A ausência da visão é um fenômeno complexo e diverso.
As causas da deficiência, o momento e a forma da perda
visual (progressiva ou repentina), o contexto psicológico,
familiar e social influenciam o modo como a pessoa vive sua
condição de cegueira. Assim, ainda que possamos pensar
em pontos comuns entre os cegos - principalmente no que
diz respeito às formas de percepção - o desenvolvimento de
cada um é peculiar, como o é de todo vidente, o que justifica
pensarmos que o desenvolvimento da pessoa com cegueira
está muito mais próximo ao de outras pessoas com características
próximas (idade, condição socioeconômica, influência
cultural etc.) do que a de outro cego. No entanto, ainda
que não exista apenas um caminho de desenvolvimento para
os cegos, algumas condições são importantes para melhorar
e/ou viabilizar suas condições de aprendizagem.
Como já dissemos, em casos de baixa visão, recursos
ópticos podem ser utilizados para maximizar o resíduo visual.
O mesmo não ocorre com a pessoa cega. Então, é preciso
fazer com que a informação visual chegue até ele por outras
formas. Para tal, outros canais sensoriais devem ser utilizados,
como o tato e a audição.
A importância da linguagem no desenvolvimento humano
é inquestionável. Para o cego, a linguagem assume um
papel ainda maior, porque as informações visuais a que ele
não tem acesso podem ser parcialmente verbalizadas.
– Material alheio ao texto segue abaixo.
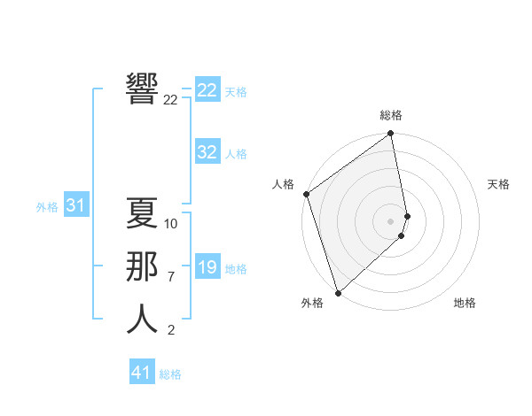 響 夏那人さんの外格は31画の5点!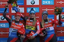 podium femmes au Altenberg - Hüfner, Geisenberger, Eitberger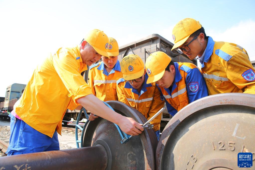 2018年5月20日,陈向华(左一)为新员工讲解货车轮对轮径尺的使用方法。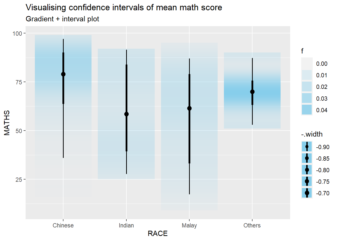 In the code chunk below, [`stat_gradientinterval()`](https://mjskay.github.io/ggdist/reference/stat_gradientinterval.html) of **ggdist** is used to build a visual for displaying distribution of maths scores by rac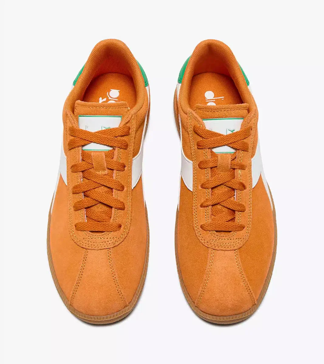 Terrassenstil der 1980er Jahre. Wie sein Pendant, der Trainer, stammt auch der Tokyo Sneaker aus den Archiven von Diadora aus den 80er Jahren und verfügt über die ikonische dicke Gummisohle, die ursprünglich für Handballschuhe dieser Zeit entworfen wurde.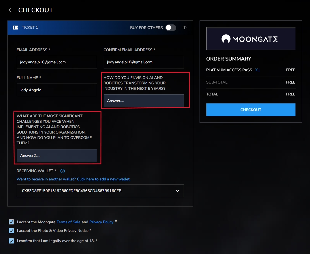 User will be asked to fill in the custom questions in order to proceed to checkout.

Nesse
sentido, Lira e Schlindwein (2008), que discutem a inclusão
da criança cega na escola por uma leitura vigostskiana,
relacionam a linguagem e as funções psíquicas superiores
para o cego:
A criança cega pode perfeitamente se apropriar das
significações de seu meio e participar das práticas sociais, pois
dispõe do instrumento necessário para isso – a linguagem.
Além disso, a concepção de que, com o desenvolvimento
das funções psíquicas superiores, o homem transforma sua
relação com o mundo e nela introduz a dimensão semiótica,
minimiza a dimensão da perda decorrente da cegueira. (Lira
& Schlindwein, 2008, p. 187)
Segundo Amiralian (1997), o cego substitui o que ele
não vê por meio da linguagem, o que pode justificar algumas
palavras não compreensíveis ou parcialmente compreensíveis que eles falam. Além disso, o sujeito cego percebe o
mundo por meio de todos os sentidos que não a visão (tato,
olfato, paladar, audição), mas o significado das coisas lhe é
transmitido, em sua maioria, por videntes que utilizam muito
menos esses sentidos e muito mais a visão como fonte de
informação e conhecimento. A consequência deste impasse
é que a pessoa cega tem que fazer constantes “ajustes” entre
aquilo que ela conhece por meio de suas percepções e
aquilo que chega pela fala dos que a rodeiam.
Rabêllo (2003) afirma que algumas pessoas cegas
“(...) se tornam extremamente sensíveis aos matizes de inflexão,
de volume, de cadência, de ressonância e das várias
intensidades dos sons das falas dos outros, que passam despercebidos
aos videntes” (p. 78). É por meio da linguagem e
das percepções táteis e cinestésicas que podemos explicar
seu desenvolvimento cognitivo, uma vez que a linguagem
assume ainda mais uma função organizadora e planejadora,
fundamental para o desenvolvimento humano.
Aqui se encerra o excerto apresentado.